The American energy renaissance is still thriving with the U.S. leading the world in natural gas production and the shale industry softening the effects of the great recession, but President Barack Obama’s green energy push threatens the future of American energy success.
“All of the job growth from 2007 to today can easily be attributed to the shale oil fracking situation and the oil Renaissance,” Jeffrey Gundlach, DoubleLine Capital CEO, said in a conference call this past January. “If you take Texas and North Dakota out of the data series for job employment, what you see is that we haven’t added any jobs in the United States other than those two regions.”
Global oil prices plummeted to below $50 a barrel as Saudi Arabia and fellow OPEC titans continue to fuel their multi-front oil war.
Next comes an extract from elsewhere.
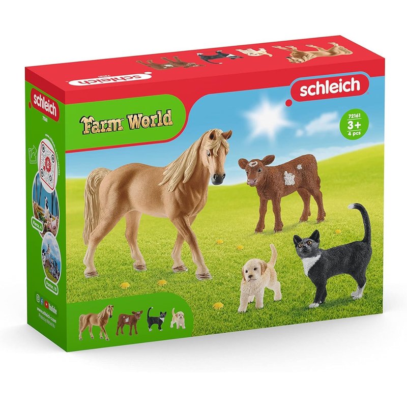 Schleich Farm World 4pc Animal Figurine Starter Playset - Educational Farm Animal Collection Starter Kit Toy with Cat, Horse, Puppy, and Calf, Durable for Boys and Girls, Gift for Kids Ages 3+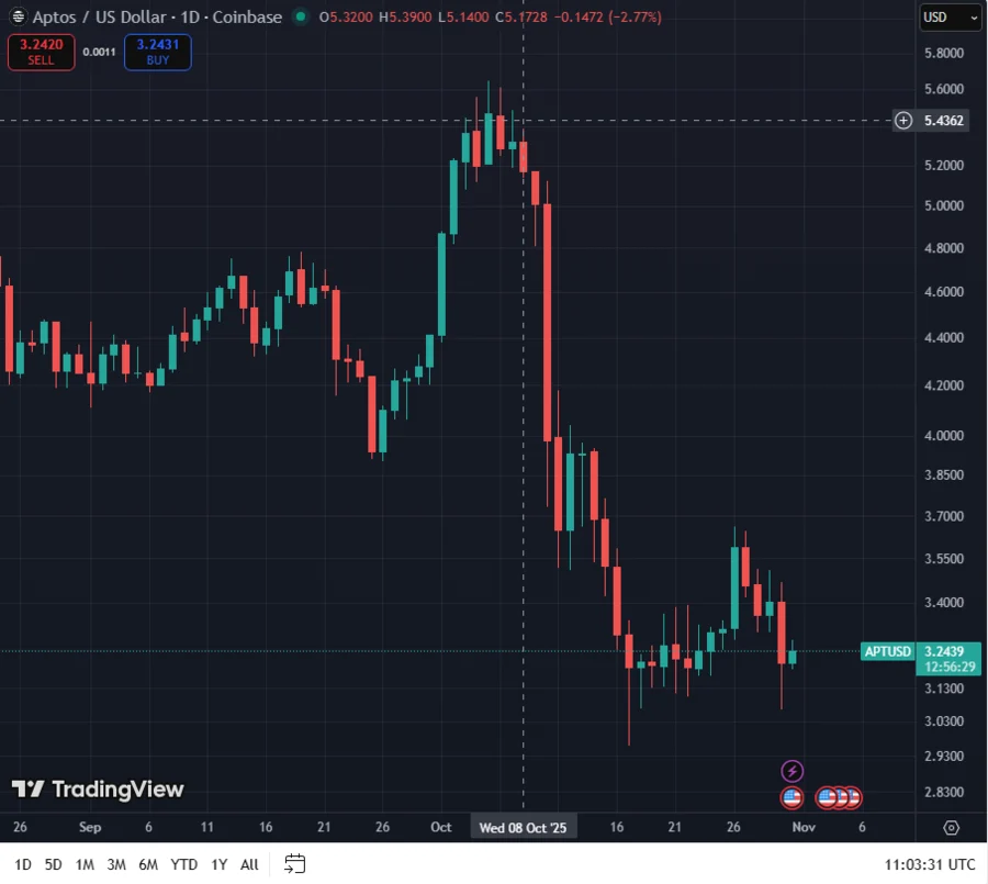 Technical indicators present that Aptos has proven outstanding resilience and is defending a key assist degree round $3.19 after the current correction. Like Bitcoin, Ethereum, and a number of other different altcoins, Aptos has skilled a downturn because the large market decline recorded on October tenth as a result of escalation of the US-China commerce battle. The value, at the moment $3.24, has fallen 0.1% and 29.1% over the previous week and month, respectively. Nevertheless, Aptos’ improve in lively addresses and each day transactions displays robust buyer engagement and a wholesome community.

Their aim is to undercut weaker OPEC members, hamper Russia’s oil output and destroy the U.S. shale industry. The U.S. energy industry has held steady however, so far surviving the global slump in prices, reports Business Insider.
A shift to green technology by the Obama administration could strangle the U.S.’s energy potential. Green technologies dubbed “renewable energy” are vastly more expensive, rely heavily on government subsidies and make the energy grid less reliable. Here’s five charts highlighting America’s energy revolution, and how a climate deal and Obama’s green policies could devastate it.
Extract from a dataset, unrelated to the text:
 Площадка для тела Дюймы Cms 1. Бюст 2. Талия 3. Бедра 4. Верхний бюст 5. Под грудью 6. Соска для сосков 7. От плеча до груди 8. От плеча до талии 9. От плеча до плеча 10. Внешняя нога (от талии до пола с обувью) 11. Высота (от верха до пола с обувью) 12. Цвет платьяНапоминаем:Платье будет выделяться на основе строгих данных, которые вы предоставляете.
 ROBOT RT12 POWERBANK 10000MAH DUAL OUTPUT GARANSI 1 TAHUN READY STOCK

No. 1 – U.S. Crude Oil Production:
Oil production in the U.S. soared since the Great Recession as growth in new drilling technologies unlocks untapped resources. The U.S. produced nine million barrels a day by 2014, however the decline in oil prices is damaging oil company budgets, reports Business Insider.
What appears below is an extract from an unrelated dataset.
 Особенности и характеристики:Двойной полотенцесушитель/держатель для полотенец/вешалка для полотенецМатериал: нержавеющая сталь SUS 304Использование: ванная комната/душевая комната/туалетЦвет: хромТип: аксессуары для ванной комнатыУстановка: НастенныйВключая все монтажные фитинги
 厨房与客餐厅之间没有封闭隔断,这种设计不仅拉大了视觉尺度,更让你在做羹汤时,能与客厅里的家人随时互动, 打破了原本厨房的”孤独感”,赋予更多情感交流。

No. 2 – U.S. Natural Gas Production:
America’s shale renaissance is lifting natural gas production to record highs. The U.S. is the global leader in natural gas, accounting for 21.4 percent of the global natural gas supply in 2014, reports Business Insider. The Marcellus Shale region is a standout success story, providing 18 percent of America’s natural gas.
No. 3 – U.S. Fracking In Major Shale Basins
The controversial drilling method known as fracking, taking place in shale basins, is a large factor in America’s energy success and is a major source of job creation since the recession. Global cheap oil devastated the recently thriving Bakken shale region in North Dakota however, reports Business Insider. Obama’s decision to kill the Keystone XL Pipeline also hurt Bakken, as North Dakota lacks any substantial pipeline infrastructure.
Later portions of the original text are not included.